State legislation requiring pharmacists, for example, to promptly notify the prescribing doctor prior to substituting a biosimilar drug for its reference biologic, is almost unheard of in the use of traditional generics, which are frequently substituted by dispensing pharmacists for the brand name reference drug unless in the prescription the prescribing physician has indicated otherwise.  Opponents of such legislation, such as the Generic Pharmaceutical Association (GPhA), have complained that biologic innovators are clearly placing roadblocks in the way of biosimilar competition.  In a press release following the recent rejection of such legislation in Texas, GPhA President Ralph Neas said “While we will not rest until the last gavel bangs in the remaining state legislatures, the totality of rejection of Amgen and Genentech-sponsored provisions [in state legislatures] over the past five months shows that once legislators have all of the facts, they will block measures that would restrict future access to biosimilars.”

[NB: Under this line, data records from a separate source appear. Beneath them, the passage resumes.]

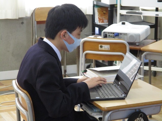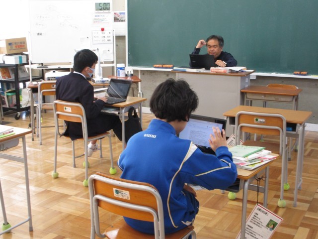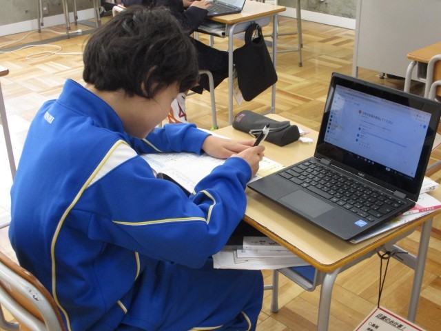 2年生の国語は少年の主張の作成でした。今日は、一台端末に打ち込んだ少年の主張のデータを先生に送信し、推敲を重ねた原稿を確認してもらいました。
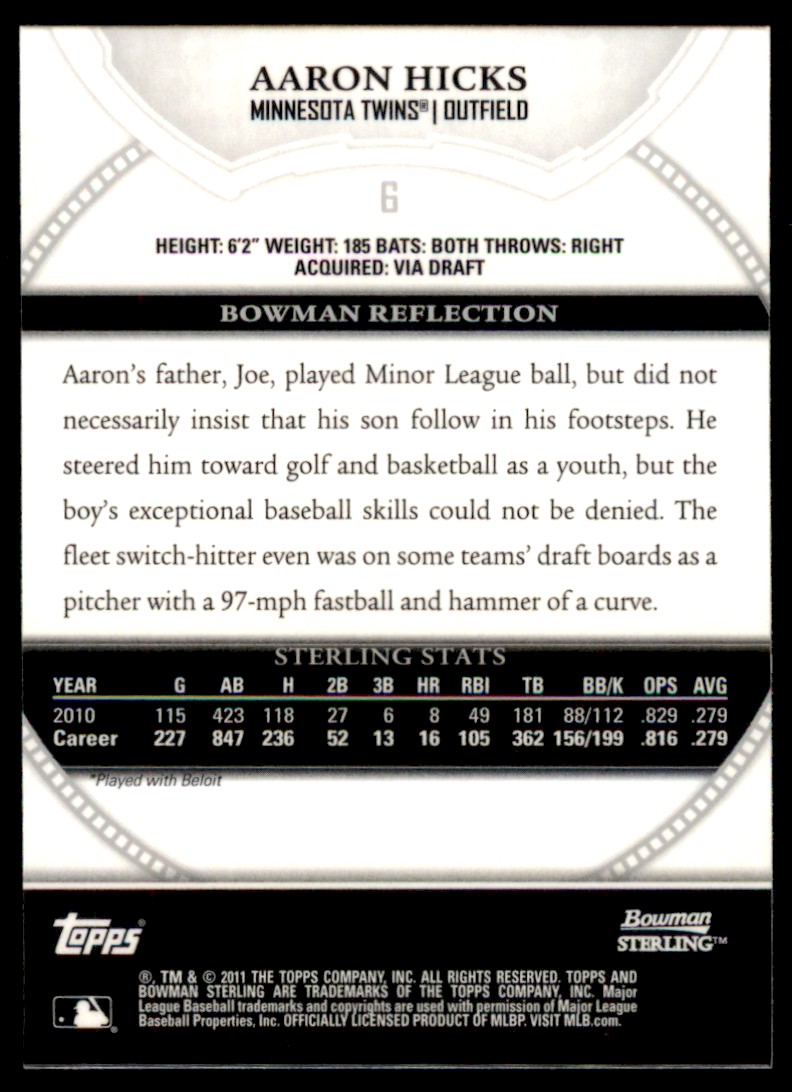 | 2011 Bowman Sterling Aaron Hicks Minnesota Twins #6 |
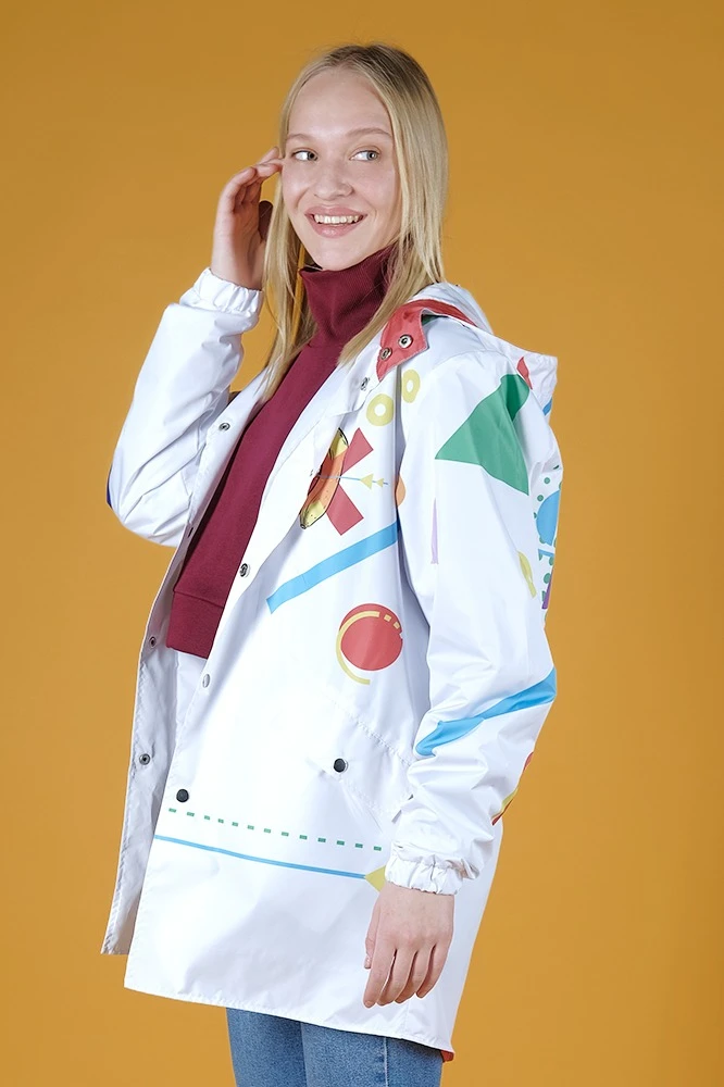 Модель. Ветровка прямого силуэта с длинным рукавом с манжетой на резинке. Пришивной капюшон затягивается резинкой с фиксаторами. Задняя часть удлинённая с фигурным низом. Ветровка застегивается на кнопки. Ветровка с подкладом из шелка расцвечивания стандартных цветов. Имеет два кармана с клапаном на кнопках.
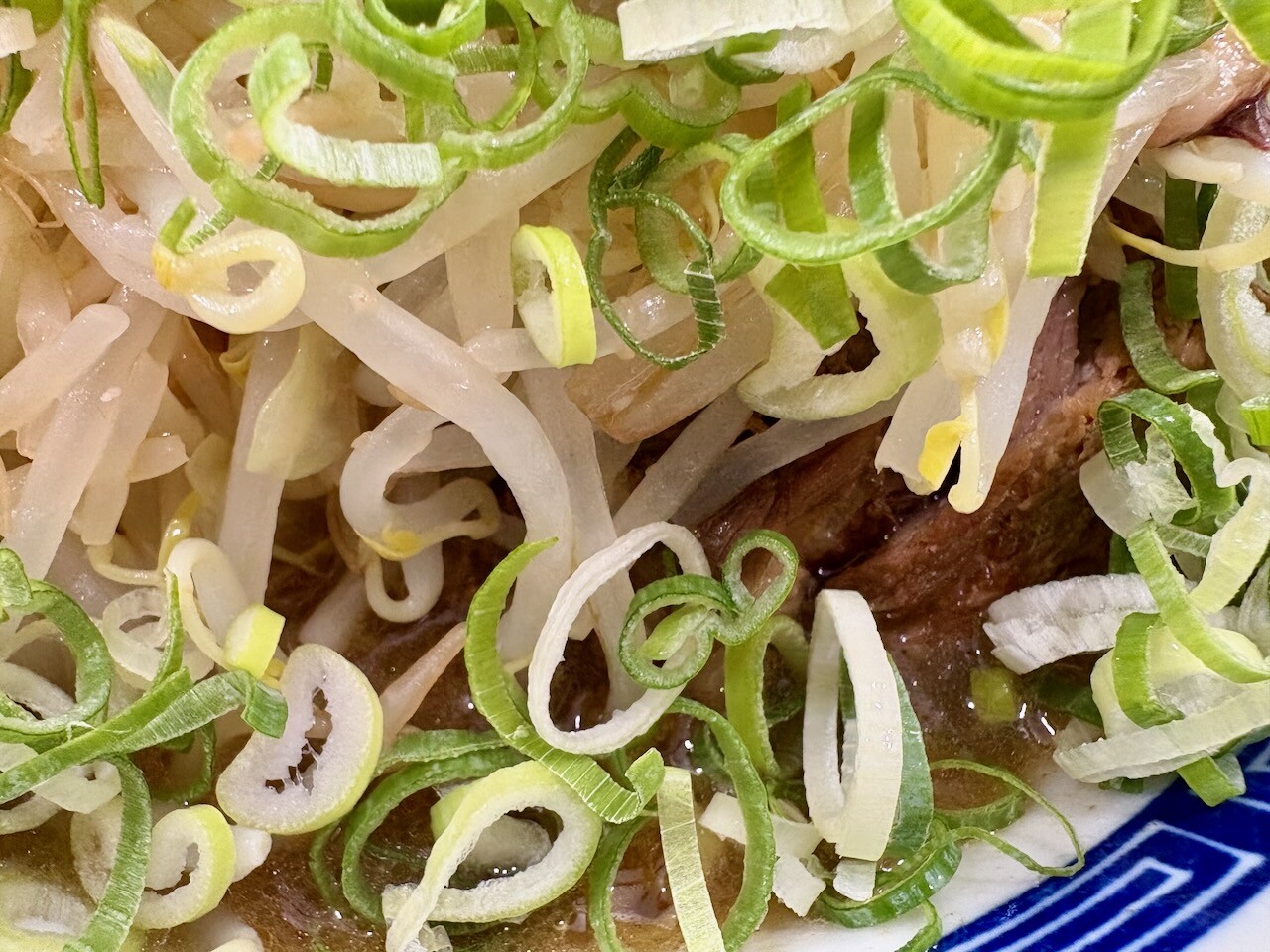 モヤシやニンニクを覆う山盛りの九条ネギ。

The Road Ahead for Biosimilars in the U.S.

The generic drug industry and FDA are working collaboratively to pave the way for biosimilars in the U.S.  The agency has received about 60 requests for preliminary meetings from manufacturers and developers to discuss about a dozen different biosimilar products.  Most meetings have occurred, and more are scheduled.  Companies have filed approximately 20 investigational new drug applications for permission to conduct clinical trials for biosimilars, and other development programs are moving ahead as well.  While some commentators believe that the FDA will set a very high regulatory bar for biosimilars marketed in the U.S., they remain optimistic that ultimately the biosimilars marketplace will thrive, increasing patient access and lowering the cost of these biopharmacotherapies.